For the purpose of this workshop, a simple robot in ROS2 was created. The robot implements Client part of ML Control Service for communication with ML Service. Despite that, it has its own ROS2 robot_logic
node withros2_5g_era_robot_interfaces
for user commands.
robot_logic/start_service
call will start Control Service Client, send the Start
request to the server, and start internal image publisher and results subscriber.
After that, the robot simply reads a video file and sends individual video frames to the ml_service
for object detection.
robot_logic/stop_service
will stop sending video data and send a Stop
request to the server.
This figure represents structure of this example.
First of all, the ML Service has to be deployed in the Kubernetes cluster. Multus configuration was already checked.
In that case, we can apply multus_config_vm.yaml
followed by 5gera_ml_service_standalone.yaml
and wait for their start.
# Terminal 1
cd ~/NetApp-Workshop/NetApp_k8s_deploy/
kubectl apply -f multus_config_vm.yaml # Possibly multus_config.yaml could work for host-system
kubectl apply -f 5gera_ml_service_standalone.yaml
watch "microk8s.kubectl get all"
Let's watch, what topics are available every 1 second.
# Terminal 2
watch -n 1 "ros2 topic list"
After ML service deployment in Kubernetes, we can start robot_node
with default node name robot_logic
and launch data processing using robot_logic/start_service
call. Processing will stop after robot_logic/stop_service
call.
# Terminal 3
ros2 run ros2_5g_era_robot_py robot_node
# Terminal 4
## Start
ros2 service call robot_logic/start_service ros2_5g_era_robot_interfaces/srv/StartService "{service_base_name: /ml_control_services}"
## Stop
ros2 service call robot_logic/stop_service ros2_5g_era_robot_interfaces/srv/StopService
Another robot with a different name (e.g. robot_logic_2
) can be started using a command line parameter.
# Terminal 5
ros2 run ros2_5g_era_robot_py robot_node -n robot_logic_2
# Terminal 4
## Start
ros2 service call robot_logic_2/start_service ros2_5g_era_robot_interfaces/srv/StartService "{service_base_name: /ml_control_services}"
## Stop
ros2 service call robot_logic_2/stop_service ros2_5g_era_robot_interfaces/srv/StopService
Delete deployed ML service using the following command.

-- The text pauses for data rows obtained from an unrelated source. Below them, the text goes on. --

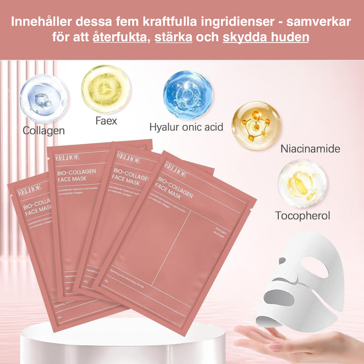 Giv din hud et luksuriøst boost med vores Kollagen Ansigtsmaske Denne fugtgivende og opstrammende ansigtsmaske er beriget med kollagen for at reducere fine linjer, give huden øget elasticitet og en strålende glød Perfekt til en anti-aging behandling, der efterlader huden blød, glat og fugtet
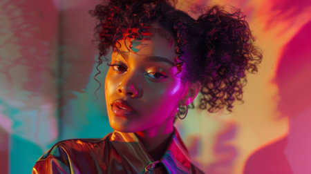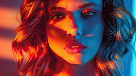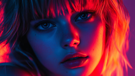 A close-up portrait of a young woman in dramatic, colorful lighting, highlighting her facial features and symbolizing individuality and modern style.
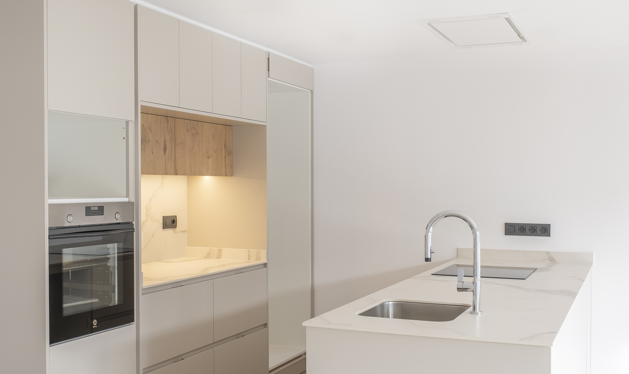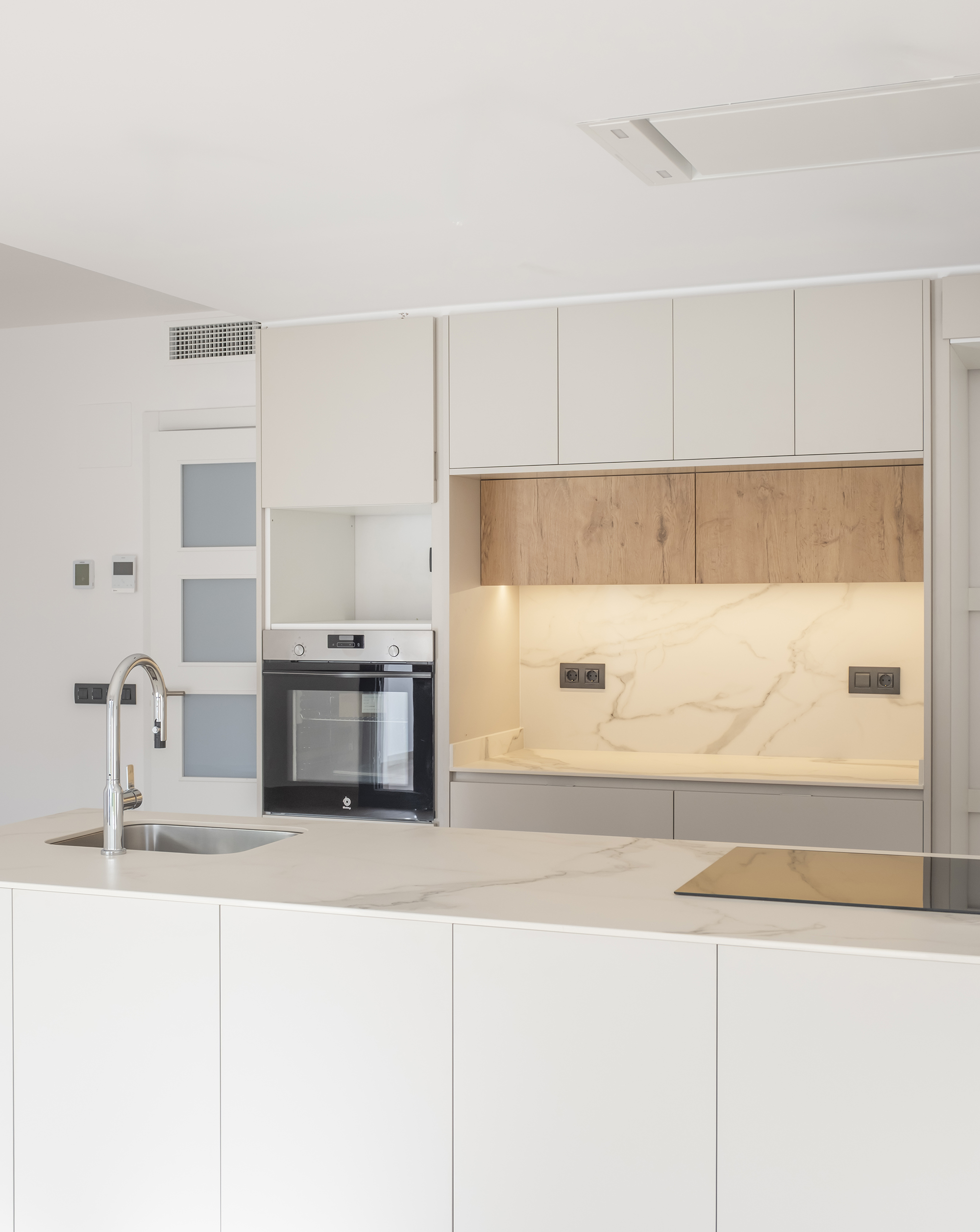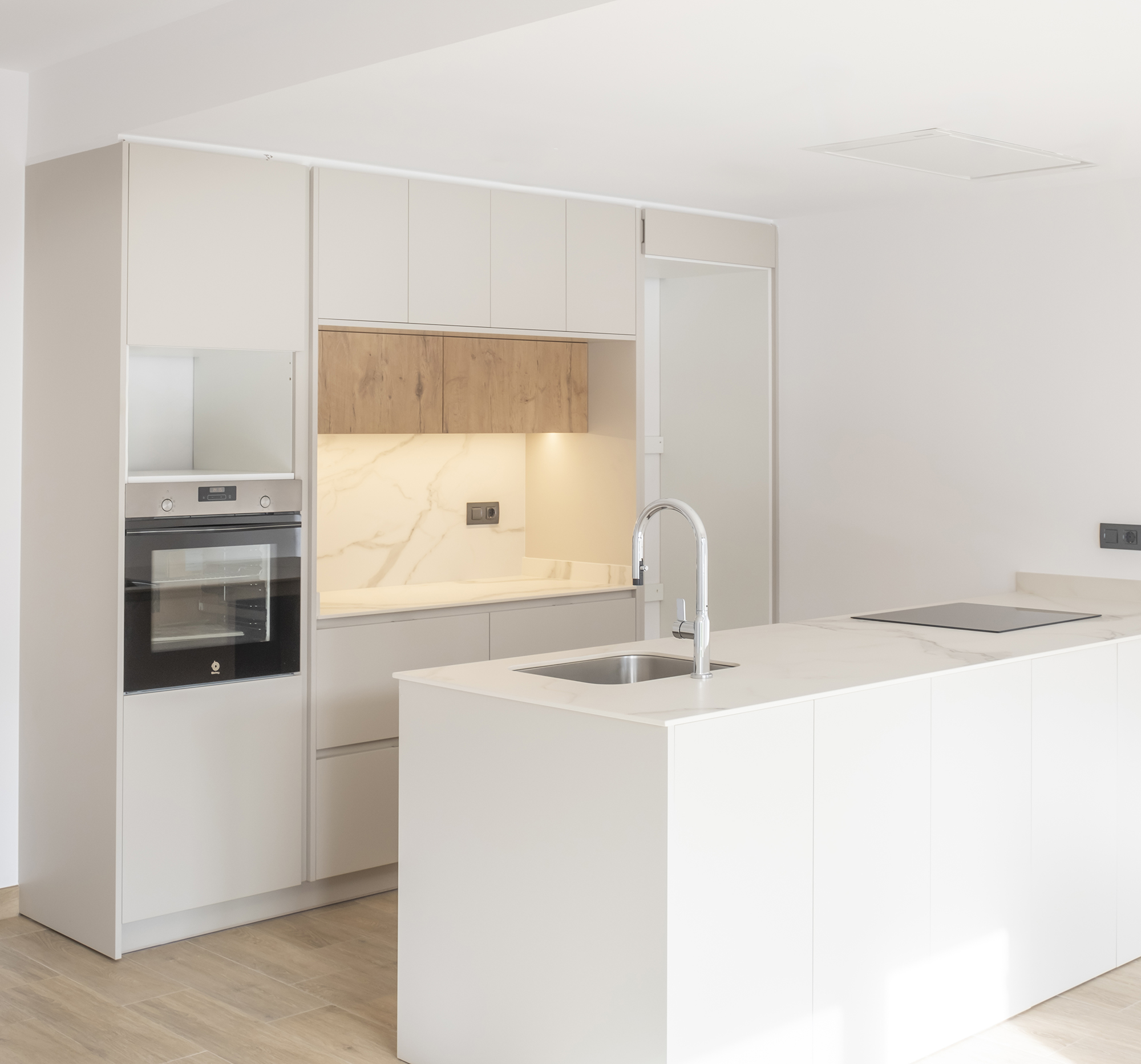 Aquesta cuina destaca per la seva estètica neta i lluminosa, amb mobles blancs que potencien la sensació d’amplitud i ordre. L’illa central, amb encimera clara, esdevé l’eix funcional de l’espai, mentre que els tocs de fusta aporten calidesa i equilibri al conjunt. Un disseny modern i atemporal, pensat per combinar funcionalitat i elegància en el dia a dia.

kubectl delete deployment.apps/ros-css-deployment
The Distributed Machine Learning service is composed of multiple parts, which are deployed in the Kubernetes cluster individually. The standalone version is broken down into four parts:
- ROS2 Control Service Server (ML interface)
- Task broker - System for distributing tasks to the running worker (Celery) and distribution channel (RabbitMQ).
- Workers - One or more instances of machine learning service (object detection) serving tasks.
- Result storage - Celery backend for storing results of finished tasks. (Redis)
This figure shows high-level concepts and different types of communication used for distributed ML service.
This figure represents structure of this example.
All parts of distributed ML service and their components are defined in 5gera_ml_service_distributed.yaml
. There are two environment variables that have to be set properly:
env:
- name: CELERY_BROKER_URL
value: "amqp://guest:guest@localhost:5672"
- name: CELERY_RESULT_BACKEND
value: "redis://localhost/"
Each of the four parts described previously may be deployed into different Kubernetes clusters. Only two conditions have to be met:
- ML interface has to be visible for robots, wanting to process data.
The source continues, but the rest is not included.